As usual, I looked around for tools that will help with analyzing these logs (when the computer can do the work, why do it manually?!). While searching for the tools, initially I looked for Apache log parser. I did find a few, but nothing great. (I found one PHP program though, which is kind of interesting from programming point of view). Eventually, I landed in Web Analytics Software and our good old Wiki (here) came to the rescue. I tried a few software listed there (Webalizer, AWStats) look interesting.
Finally, I tried Analog. Bingo!! This is what I have been looking for. Analog is a very simple tool to install and use. (Installation is just unzipping the zip file). Using the tool is as simple as Double clicking or running from command line, the analog.exe file.
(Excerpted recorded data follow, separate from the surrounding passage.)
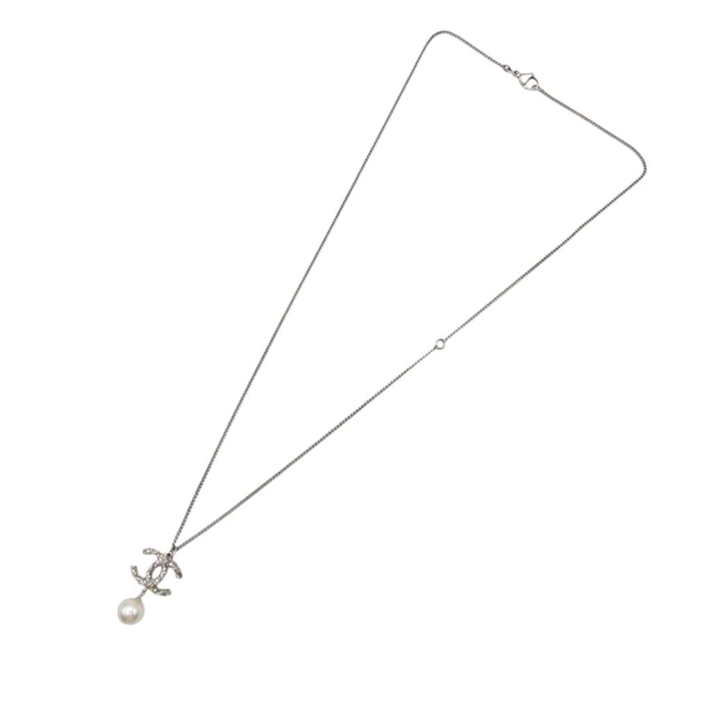 This necklace features a silver-plated body, faux pearl and rhinestone-embellished CC pendant, and a lobster claw clasp closure.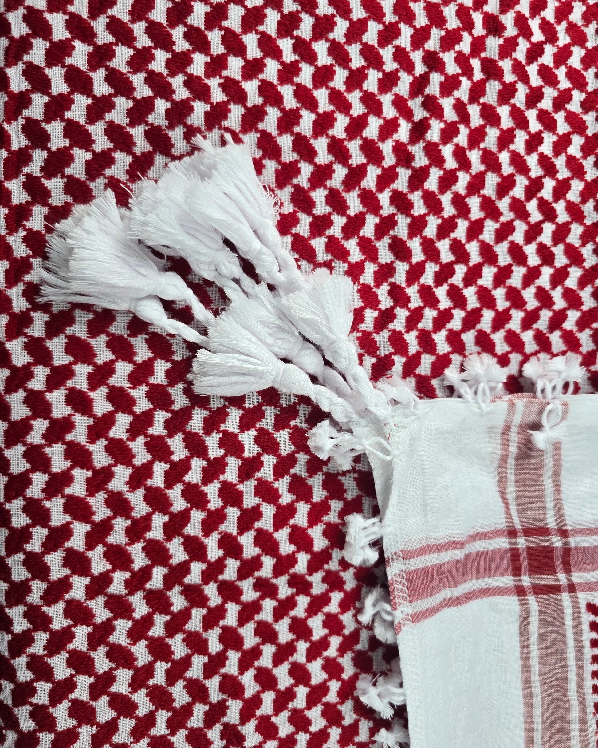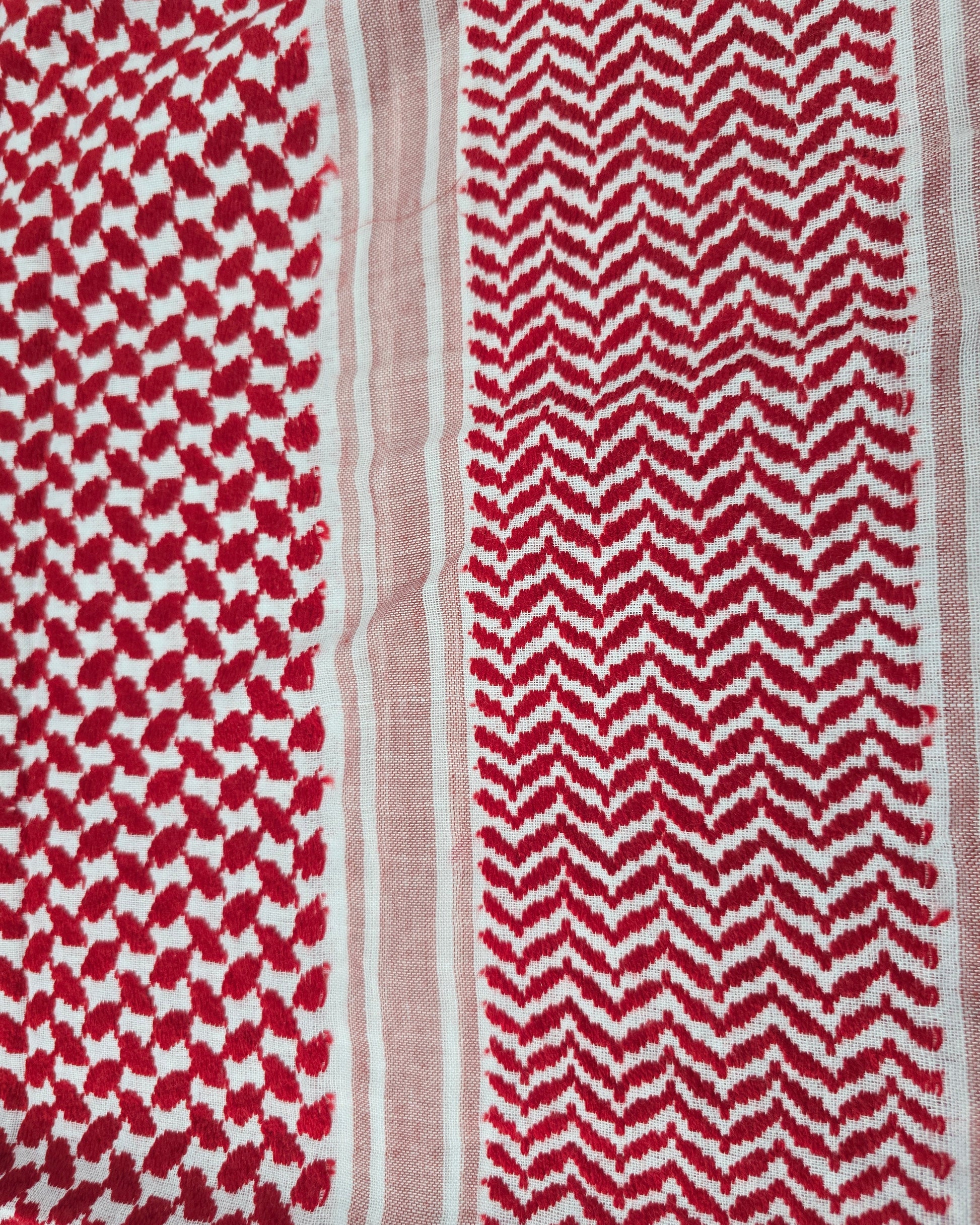 The red keffiyeh is the oldest color — worn across the Arab world for generations, from the Jordan River to the Gulf, from the mountains of the Levant to the streets of Damascus. It is not a trend. It is a tradition that has outlasted every attempt to erase the people who wore it.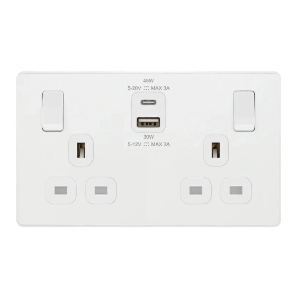 BG Evolve Pearl White 13A Double USB Socket With 45W A+C Ports PCDCL22UAC45W

This actually produces a (sample) report with the name Report.html. After reading more on Analog web site, I was able to customize the config file named analog.cfg. Once I tweaked this file, I started parsing the log files in minutes. I was even able to append date to the report file name and thus was able to run it in a loop to capture the stats every few minutes.
Apart from the Summary page, it also has several graphs to show stats for Hourly, Daily, Weekly, Monthly etc.
If you are looking to analyse usage patterns on your web site, this is a great tool. Check it out!